Gutted pumpkins, rabbit stew and the spirit of the holidays
I suppose, one of these days, I ought to put up a Christmas tree.
Yeah, I know, the rest of the world went into full fa-la-la mode well before the first leaves had fallen, and I am, doubtless, among the last to contemplate dragging a decapitated evergreen into the living room to celebrate the season and support the consumer economy.
Now I’ll disavow any kinship with Scrooge or Grinch, it’s just that, as far as I’m concerned, my house is just fine as it is. For 11 months I live comfortably without pine boughs or twinkly lights festooning my living space and, truth be told, I really don’t feel the need for December to be any different.
Write it off to a long standing seasonal decorative disaffective disorder – by no means limited to the Yuletide. I failed to gut a single pumpkin in October; appear heartless throughout February; serve rabbit stew for Easter brunch and call the cops on the guy shooting verboten fireworks on the Fourth. I don’t even wear green on March 17.
Frankly, holiday decorating leaves me cold. I fear that it —like my indifference to professional football and deep aversion to being called “Jerry” – is rooted deep in the indignities of childhood.
It was clear the dread season was upon me when we returned from our Thanksgiving holiday and the turkey feathers and Pilgrim hats were gone from Mrs. Caffrey’s classroom bulletin boards. I knew it for what it was -- the first manifestation of the three-week frenzy of felt, glue and glitter that was about to begin.

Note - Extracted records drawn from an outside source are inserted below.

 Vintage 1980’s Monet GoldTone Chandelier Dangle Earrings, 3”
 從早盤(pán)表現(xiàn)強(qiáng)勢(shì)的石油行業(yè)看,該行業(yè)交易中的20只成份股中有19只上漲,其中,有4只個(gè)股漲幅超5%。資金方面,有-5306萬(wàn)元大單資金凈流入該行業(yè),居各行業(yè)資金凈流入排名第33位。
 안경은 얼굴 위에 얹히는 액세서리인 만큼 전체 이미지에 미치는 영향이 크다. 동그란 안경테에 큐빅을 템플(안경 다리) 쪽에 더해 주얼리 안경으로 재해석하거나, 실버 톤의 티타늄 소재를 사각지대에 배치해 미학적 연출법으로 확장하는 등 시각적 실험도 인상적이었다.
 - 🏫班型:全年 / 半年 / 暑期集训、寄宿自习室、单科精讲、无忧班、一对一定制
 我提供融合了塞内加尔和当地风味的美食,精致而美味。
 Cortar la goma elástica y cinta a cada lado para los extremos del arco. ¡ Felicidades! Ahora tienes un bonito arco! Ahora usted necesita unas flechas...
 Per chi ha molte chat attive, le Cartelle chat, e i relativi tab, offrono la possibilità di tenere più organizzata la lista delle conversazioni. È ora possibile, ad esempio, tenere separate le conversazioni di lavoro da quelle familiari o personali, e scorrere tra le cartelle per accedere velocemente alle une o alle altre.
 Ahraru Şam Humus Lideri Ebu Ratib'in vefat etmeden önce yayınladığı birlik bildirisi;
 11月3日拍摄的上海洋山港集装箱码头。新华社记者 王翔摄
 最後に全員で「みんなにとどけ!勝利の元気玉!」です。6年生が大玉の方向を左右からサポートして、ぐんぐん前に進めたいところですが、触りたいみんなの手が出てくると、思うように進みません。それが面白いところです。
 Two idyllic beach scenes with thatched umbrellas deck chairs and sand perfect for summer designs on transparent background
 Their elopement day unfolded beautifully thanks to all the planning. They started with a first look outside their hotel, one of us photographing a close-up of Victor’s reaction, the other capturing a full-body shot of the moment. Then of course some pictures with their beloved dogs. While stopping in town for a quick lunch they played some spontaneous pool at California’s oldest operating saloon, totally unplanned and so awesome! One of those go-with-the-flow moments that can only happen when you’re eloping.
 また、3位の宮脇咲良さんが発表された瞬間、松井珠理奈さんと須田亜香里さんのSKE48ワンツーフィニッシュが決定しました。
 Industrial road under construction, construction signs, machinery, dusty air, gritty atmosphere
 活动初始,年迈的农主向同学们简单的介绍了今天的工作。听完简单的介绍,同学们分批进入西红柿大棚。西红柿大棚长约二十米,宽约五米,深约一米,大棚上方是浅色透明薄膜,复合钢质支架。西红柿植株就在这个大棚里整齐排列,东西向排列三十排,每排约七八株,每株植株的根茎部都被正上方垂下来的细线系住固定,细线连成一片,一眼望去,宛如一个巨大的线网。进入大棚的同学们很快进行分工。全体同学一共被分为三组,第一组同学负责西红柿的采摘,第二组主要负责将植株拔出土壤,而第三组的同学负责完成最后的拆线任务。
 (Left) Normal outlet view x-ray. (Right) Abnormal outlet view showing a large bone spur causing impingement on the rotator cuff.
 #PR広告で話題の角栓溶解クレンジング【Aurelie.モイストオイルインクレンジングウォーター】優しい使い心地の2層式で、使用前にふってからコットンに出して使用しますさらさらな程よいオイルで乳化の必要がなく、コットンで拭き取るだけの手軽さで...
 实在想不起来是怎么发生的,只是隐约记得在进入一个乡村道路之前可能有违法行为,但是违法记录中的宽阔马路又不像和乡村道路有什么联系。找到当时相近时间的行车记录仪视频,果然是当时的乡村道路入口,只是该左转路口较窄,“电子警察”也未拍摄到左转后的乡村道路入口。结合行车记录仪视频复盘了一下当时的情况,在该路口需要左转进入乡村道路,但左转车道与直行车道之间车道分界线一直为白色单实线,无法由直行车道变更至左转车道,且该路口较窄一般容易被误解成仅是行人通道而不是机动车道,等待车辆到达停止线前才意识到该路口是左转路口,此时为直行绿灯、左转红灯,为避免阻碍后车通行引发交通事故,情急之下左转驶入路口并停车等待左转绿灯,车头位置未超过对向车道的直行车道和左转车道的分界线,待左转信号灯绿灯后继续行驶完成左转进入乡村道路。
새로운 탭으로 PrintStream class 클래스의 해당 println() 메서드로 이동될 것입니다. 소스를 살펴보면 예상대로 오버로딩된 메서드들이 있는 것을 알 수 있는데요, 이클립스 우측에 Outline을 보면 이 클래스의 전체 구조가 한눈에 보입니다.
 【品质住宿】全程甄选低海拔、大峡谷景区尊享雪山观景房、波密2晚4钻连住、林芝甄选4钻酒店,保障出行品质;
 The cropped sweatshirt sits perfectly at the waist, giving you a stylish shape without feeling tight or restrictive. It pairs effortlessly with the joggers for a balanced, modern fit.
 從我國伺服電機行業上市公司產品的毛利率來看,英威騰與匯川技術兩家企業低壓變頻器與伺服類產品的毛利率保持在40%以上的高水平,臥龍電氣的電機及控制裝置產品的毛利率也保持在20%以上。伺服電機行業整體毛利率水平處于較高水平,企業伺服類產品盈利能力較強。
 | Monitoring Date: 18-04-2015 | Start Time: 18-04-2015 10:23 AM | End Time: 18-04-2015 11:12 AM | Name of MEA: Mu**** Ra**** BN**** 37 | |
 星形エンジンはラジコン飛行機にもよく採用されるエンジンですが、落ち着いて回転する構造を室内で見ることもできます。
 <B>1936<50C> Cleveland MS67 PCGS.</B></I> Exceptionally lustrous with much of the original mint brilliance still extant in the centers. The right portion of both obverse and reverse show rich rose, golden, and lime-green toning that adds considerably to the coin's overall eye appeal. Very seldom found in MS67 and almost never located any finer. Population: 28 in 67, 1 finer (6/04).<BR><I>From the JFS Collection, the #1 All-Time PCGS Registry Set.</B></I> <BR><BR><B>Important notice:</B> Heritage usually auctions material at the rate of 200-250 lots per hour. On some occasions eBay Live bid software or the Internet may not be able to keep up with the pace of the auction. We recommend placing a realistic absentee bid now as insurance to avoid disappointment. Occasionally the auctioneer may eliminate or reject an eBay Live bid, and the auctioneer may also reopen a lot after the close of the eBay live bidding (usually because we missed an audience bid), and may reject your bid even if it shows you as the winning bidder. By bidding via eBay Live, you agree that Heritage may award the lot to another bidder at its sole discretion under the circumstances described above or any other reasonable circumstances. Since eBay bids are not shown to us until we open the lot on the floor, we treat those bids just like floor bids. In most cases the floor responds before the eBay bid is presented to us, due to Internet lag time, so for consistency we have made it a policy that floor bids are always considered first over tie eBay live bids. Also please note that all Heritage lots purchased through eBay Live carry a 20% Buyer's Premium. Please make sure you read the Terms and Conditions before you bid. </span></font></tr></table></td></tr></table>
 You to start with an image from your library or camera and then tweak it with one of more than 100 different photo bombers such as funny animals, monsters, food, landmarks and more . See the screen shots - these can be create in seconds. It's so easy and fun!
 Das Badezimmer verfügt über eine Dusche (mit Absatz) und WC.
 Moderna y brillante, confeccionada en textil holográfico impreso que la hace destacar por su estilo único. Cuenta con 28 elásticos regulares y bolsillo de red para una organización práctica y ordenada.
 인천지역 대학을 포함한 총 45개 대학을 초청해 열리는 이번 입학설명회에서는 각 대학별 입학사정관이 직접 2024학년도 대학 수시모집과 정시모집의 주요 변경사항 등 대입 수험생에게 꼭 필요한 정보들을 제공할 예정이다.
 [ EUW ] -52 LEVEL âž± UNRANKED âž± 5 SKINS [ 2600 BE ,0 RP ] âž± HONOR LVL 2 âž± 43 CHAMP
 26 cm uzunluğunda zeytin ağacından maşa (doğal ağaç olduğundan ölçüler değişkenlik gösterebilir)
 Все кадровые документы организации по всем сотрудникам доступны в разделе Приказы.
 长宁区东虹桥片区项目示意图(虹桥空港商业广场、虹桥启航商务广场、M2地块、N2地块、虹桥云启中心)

In those days, well before the ramifications of the Supreme Court’s ruling in Engel v. Vitale had expanded and hardened into the banishment of all things carrying so much as a whiff of sectarian spirituality from public education, our classroom constituted little short of a taxpayer financed observation of Advent. As December progressed, the fact that less and less class time and attention was devoted to the memorization of times tables or states and their capitals in deference to endless class time devoted to creating Christmas decorations, Christmas ornaments, Christmas cards and Christmas gifts for parents and siblings raised nary an eyebrow in a community where non-Christians were as unknown as aardvarks and emus.
Now, as a child, I had neither theological nor constitutional objections to this practice – I was just no damn good at arts and crafts.
Therein, perhaps, lies the origin of my persistent, low-grade discomfiture with the season. From my earliest age I have demonstrated a complete and hopeless ineptitude in the practice of even the most rudimentary of the visual arts. For all my life, the only thing I have been able to draw is a conclusion, and that realization has resulted in a lifelong horror of craft fairs and a deep aversion to any manner of decorative do-it-yourself project.
Truthfully, the only positive memory I retain of elementary school art projects is the minty-good flavor of the paste issued to us as first and second graders. To this day I could use it to frost a chocolate cupcake or sandwich it between two Hershey bar squares to make a do-it-myself, stick-to-the-ribs peppermint patty. Unfortunately, about the only thing I could do well with that paste was eat it. I was also incapable of coloring inside the lines, cutting on the lines, or patiently standing in line – the latter deficiency not limited to art class. Throughout my elementary school career art projects meant paint on my shirt, glue on my pants, glitter in my hair and my finished effort put on display on the far bottom corner of the classroom bulletin board, well concealed behind the gerbil cage or fish tank.
I could read, write and do simple sums, but the antlers inevitably fell off my reindeer.
It was enough to make a kid think fond thoughts of long division.
And keep the wreath from my door for a lifetime.